You can use the following REST endpoints to pull the necessary information in JSON format. Use basic authentication headers to make the requests.
Tez Query View
: https://<cluster name>.azurehdinsight.net/ws/v1/timeline/HIVE_QUERY_ID/Tez Dag View
: https://<cluster name>.azurehdinsight.net/ws/v1/timeline/TEZ_DAG_ID/
To negotiate proper authentication tokens with your Microsoft Entra user, go through the gateway by using the following format:
- https://
<cluster dnsname>
.azurehdinsight.net/api/v1/clusters/testclusterdem/stack_versions/1/repository_versions/1
If you call the Curl command in the same virtual network or a peered virtual network, the command is:
curl -u <cluster login username> -sS -G
http://<headnodehost>:8080/api/v1/clusters/<ClusterName>/services/YARN/components/NODEMANAGER?fields=metrics/cpu
If you call the command from outside the virtual network or from a non-peered virtual network, the command format is:
For a non-ESP cluster:
curl -u <cluster login username> -sS -G https://<ClusterName>.azurehdinsight.net/api/v1/clusters/<ClusterName>/services/YARN/components/NODEMANAGER?fields=metrics/cpu
For an ESP cluster:
curl -u <cluster login username>-sS -G https://<ClusterName>.azurehdinsight.net/api/v1/clusters/<ClusterName>/services/YARN/components/NODEMANAGER?fields=metrics/cpu
Note
Curl prompts you for a password.

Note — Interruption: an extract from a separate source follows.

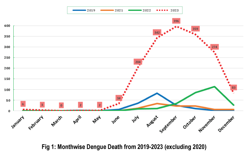 ২০২২ সাল থেকে শুরু হয়ে ২০২৩ সালেও ডেঙ্গু সংক্রমণের মৌসুম পরিবর্তিত হয়ে জুলাই/ আগষ্ট থেকে সেপ্টেম্বর/ অক্টোবর এ হয়েছে। এছাড়াও একটা বড় সংখ্যক রোগী নভেম্বর এবং ডিসেম্বর মাসেও পাওয়া যায়। এর পিছনে নানাবিধ কারণ থাকতে পারে, যার মাঝে বৃষ্টির ধরণ পরিবর্তন ও অপেক্ষাকৃত উষ্ণ তাপমাত্রা অন্যতম (চিত্র—২)।

You must enter a valid password for the cluster sign-in username.
For more information about pricing and FAQ related to billing, see the Azure HDInsight Pricing page.
HDInsight cluster billing starts once a cluster is created and stops when the cluster is deleted. Billing is pro-rated per minute.
For information about how to cancel your subscription, see Cancel your Azure subscription.
For information about your subscription after it's canceled, see What happens after I cancel my subscription?
Why does the Hive version appear as 1.2.1000 instead of 2.1 in the Ambari UI even though I'm running a HDInsight 3.6 cluster?
Although only 1.2 appears in the Ambari UI, HDInsight 3.6 contains both Hive 1.2 and Hive 2.1.
For information about integration capabilities of stream processing, see Choosing a stream processing technology in Azure.
Is there a way to dynamically kill the head node of the cluster when the cluster is idle for a specific period?
You can't do this action with HDInsight clusters. You can use Azure Data Factory for these scenarios.
For compliance information, see the Microsoft Trust Center.